Je ne t’écris pas plus longuement,
étant encore tout abrutti par le sommeil et la fatigue de la relève.
Nous regretterons ce secteur, qui ns
a été vraiment très clement.
Tendrement
Jean
dimanche 29 mai 2016
Front de Champagne, en ligne, 29 mai 1916 – Jean à sa mère
29-5-16
Maman cherie
Je reçois ta bonne lettre de
Toulouse. Tu as bien fait de quitter Saverdun. C’est pour moi un vrai
soulagement de te sentir à Cette.
Tante Fanny en prend vraiment à son
aise.
Mlle [Léo] Viguier m’écrit une lettre un peu
triste : Pas de nouvelles de [sans doute Charles] Westphal depuis quelques jours, [Daniel] Loux à très mauvaise mine, Les Allier reviennent de St Dié où
l’autopsie de leur fils [Roger Allier]
a révelé qu’il avait été tué à coups de crosses de fusil. Quel calvaire pour
ces pauvres gens.
Très tendrement
Jean
samedi 28 mai 2016
Front de Champagne, en ligne, 28 mai 1916 – Jean à sa mère
28-5-16
Maman cherie
Je reçois ta lettre du 24 ;
j’espère que c’est la dernière semaine de Saverdun. Quelle vie que la tienne,
ma pauvre maman. Enfin, à l’heure qu’il est, le sourire de Na te console de
toutes tes misères.
Ici c’est de nouveau le beau temps
et le calme. Je crois d’ailleurs que nous ne tarderons pas à quitter nos
bouleaux et nos pins. Ces pauvres arbres ne se remettent pas d’avoir baigné
quelques heures ds la nappe de gaz. Ils sont lamentables. Si nous partons, je
ne crois pas que ce soit pour une action immédiate. Ne te tourmente pas. Je
t’embrasse.
Jean
vendredi 27 mai 2016
Sète, 27 et 28 mai 1916 – Mathilde à son fils
Cette,
le 27 Mai 1916
Mon grand fils chéri
Enfin enfin me voici de
retour ; j’aspire au logis et tu te fais une idée de ma joie. Puis-je te
l’avouer ? Suzie et Na m’attendaient à la gare et notre bijou m’a reconnue
me faisant des tas de fêtes auxquelles j’étais loin de m’attendre ne pensant
pas qu’elle garderait de moi un aussi vivant souvenir.

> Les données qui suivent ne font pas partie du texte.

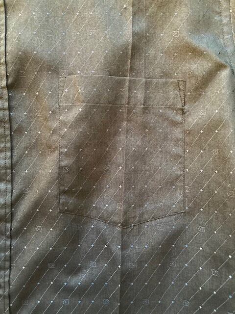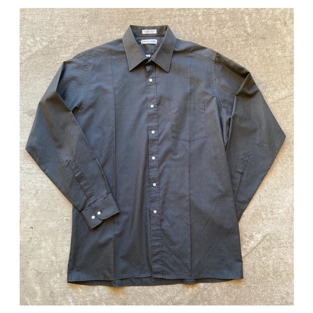1950年創業の老舗ブランド、ピエールカルダンの長袖シャツです。ブラックベースにさりげなく柄が配された1枚です。裾はラウンドでなく、スクエアタイプとなっており、背面はリメイク?かと思われるプリーツが入り、ややシェイプしたシルエットになっています。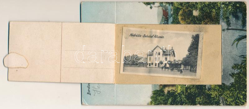 1926 Bártfa, Bártfafürdő, Bardejovské Kúpele, Bardiov, Bardejov; sérült leporellólap (tartalom hiányzik) 1 képpel: vasútállomás. Vdova Vilma kiadása / damaged leporellocard (missing insides) with 1 picture: railway station (b)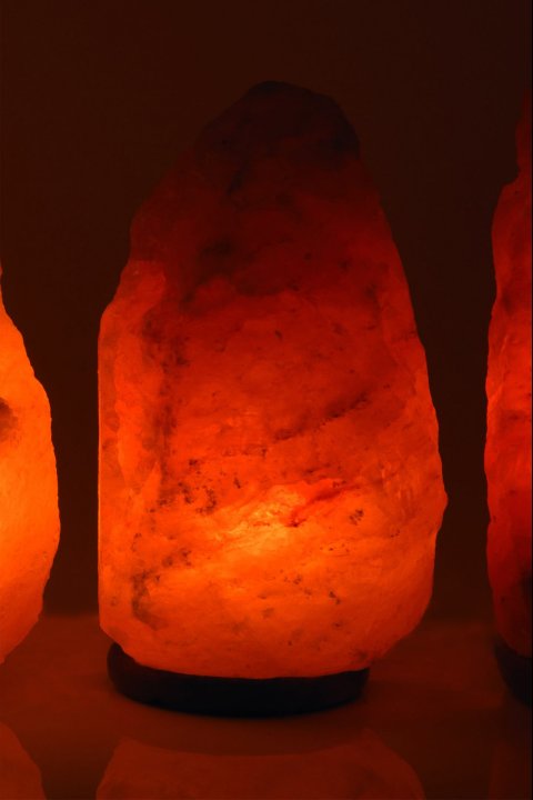 Lampada in sale naturale. Não possui base di Madeira; Una pedra repousa sobre molto pezzi di plastica.

J’ai trouvé ici des tas de nouvelles
de toi et cela a encore illuminé le jour.
28
Ces lignes n’ont pu partir hier
soir ; dans l’agitation du retour, je n’ai pas vu passer les heures et
cela sera cause
que mon fils bien aimé sera un jour sans
lettre, pardonne-moi.
Je crois rêver d’être ici. Si tu
étais là ce serait trop beau ! Au réveil Alice m’a m’apporté Na qui m’a
conté des tas de choses pendant que je m’habillais. Elle a une vie, un entrain
extraordinaires. Sa première dent est sortie ce qui est un véritable évènement.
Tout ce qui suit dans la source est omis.